Boredom-Triggered Proactive Recommendations from Martin Pielot

The business model of many internet-service companies is primarily build around your attention: they offer best-in-class services for free in exchange for the users’ eyeballs, i.e. them paying attention to the contents of the services they offer. They pay for their expenses and generate revenue by selling the attracted attention to companies and individuals who’d like to promote their content.

One of the upcoming frontiers in this battle for the user’s attention are mobile devices. Engagement is now defined by push-driven notifications rather than the traditional pull-driven experience. Recommendations will become proactive and notifications will be one essential path to deliver them.
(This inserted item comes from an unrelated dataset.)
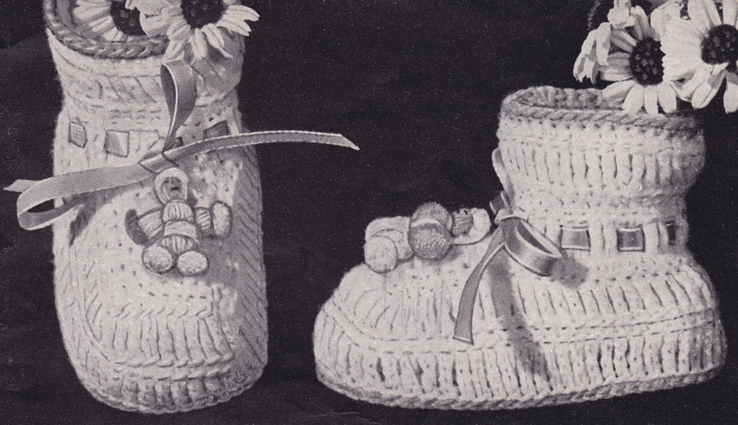 Star 15: Toeless Bootees: Another great idea for tiny toes this Christmas - a retro pair of slippers from 1941 in crochet. Easy to work. Also included in this pattern another pair of baby bootees with little dolly as decoration, see below.

In this battle, we may be facing the tragedy of the commons: when individual companies behave rationally according to their self-interest by increasing their attempts to seek people’s attention, they behave contrary to the best interests of the whole group by depleting the attentional resources of the user and risk that people develop notification blindness (as an analogy to banner blindness).

Attention is not always scarce

However, attention is not always scarce. For example, when people are bored, attention is abundant, and people often turn to their phones to kill time.

In our recent research on When Attention is not Scarce – Detecting Boredom from Mobile Phone Usage, presented in September 2015 at the ACM International Joint Conference on Pervasive and Ubiquitous Computing, we showed that it is possible to detect phases of boredom from how people use their mobile phones. As part of the same research project, we showed that people are more likely to engage with suggested content when they are bored, as inferred by the detection algorithm.

Boredom-Triggered Proactive Recommendations

This finding opens the door to using boredom as a content-independent trigger for proactive recommendations. Assuming that proactive recommendations delivered via mobile phone notifications will become more common in the future, using boredom as trigger will benefit service providers as well as the end users:
End users will receive fewer recommendations that are triggered during times when they are busy. Service providers can use it to reduce the fraction of unsuccessful recommendations, which, for example, decreases the likelihood that users develop notification blindness towards proactive recommendations.

The results will be presented at the Workshop: Smarttention, Please! Intelligent Attention Management on Mobile Devices — Workshop @ MobileHCI ’15: ACM International Conference on Human-Computer Interaction with Mobile Devices and Services, 2015 to be held from Aug 24 – 27 in Copenhagen, Denmark.

Boredom-Triggered Proactive Recommendations.
Martin Pielot, Linas Baltrunas, and Nuria Oliver.
Smarttention, Please! Intelligent Attention Management on Mobile Devices — Workshop @ MobileHCI, 2015.